Some Performance metrics specific to the RAC environment

Cache Coherency

What exactly do we mean by Cache Coherency? Our Oracle RAC environment needs some added sets of metrics rather than a regular Oracle RAC installation, which I sometimes refer to as a “Single-Node RAC”. I call it a Single-Node RAC because someday that Oracle application will also grow and need a ticket to “RACdom”. A typical production DBA, responsible for uptime and upkeep of his RAC Database needs more that just some statspack runs; he will need to measure the health of his HSI (High Speed Interconnects) Network interfaces, he will have to monitor and diagnose the traffic volume across the nodes and response times. A typical high intensive OLTP environment can keep you pretty busy.
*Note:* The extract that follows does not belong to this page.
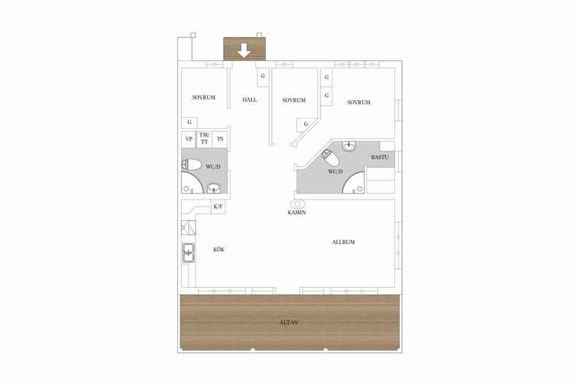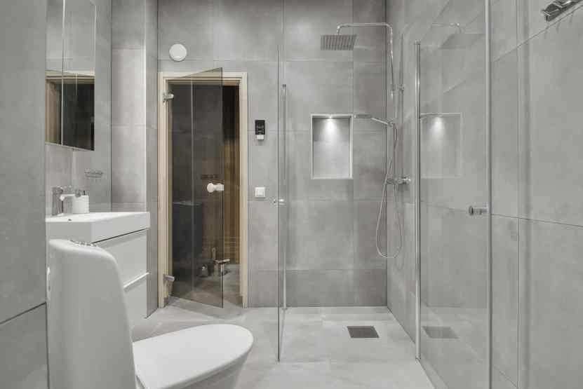 Badeværelse 1 = bruser/WC/sauna. Badeværelse 2 = bruser/WC.

To measure the traffic we will concentrate on two categories:

数据挖掘研究院

  • GCS (Global Cache Services)
  • GES (Global Enqueue Services)

So what are they? 数据挖掘研究院

Global Cache Service

According to the manual:

Process that implement Cache Fusion. It maintains the block mode for blocks in the global role. It is responsible for block transfers between instances. The Global Cache Service employs various background processes such as the Global Cache Service Processes (LMSn) and Global Enqueue Service Daemon (LMD). 数据挖掘研究院

It actually is more or less like your buffer cache, but here it acts globally across the nodes. This process is an integral part to the cache-fusion concepts. So what does a buffer have, data blocks obviously. Simply said, the coherency in the Global Buffer Cache is maintained by making sure that whenever an attempt to modify the database block is made, a global lock is acquired. . Now this “asking instance” will have both the past copy of the block (for redo purposes) as well as the current version of the block containing both committed and uncommitted transactions. Should another node come asking for that block, then it is the GCS’s responsibility to do a “Block Version Lookup” at the node, which is currently holding the global lock to the block. The LMSn processes are crucial for a successful operation of GCS and do the block version lookup, block mode etc. 数据挖掘研究院

Global Enqueue Service

According to the manual:

数据挖掘研究院

A service that coordinates enqueues that are shared globally.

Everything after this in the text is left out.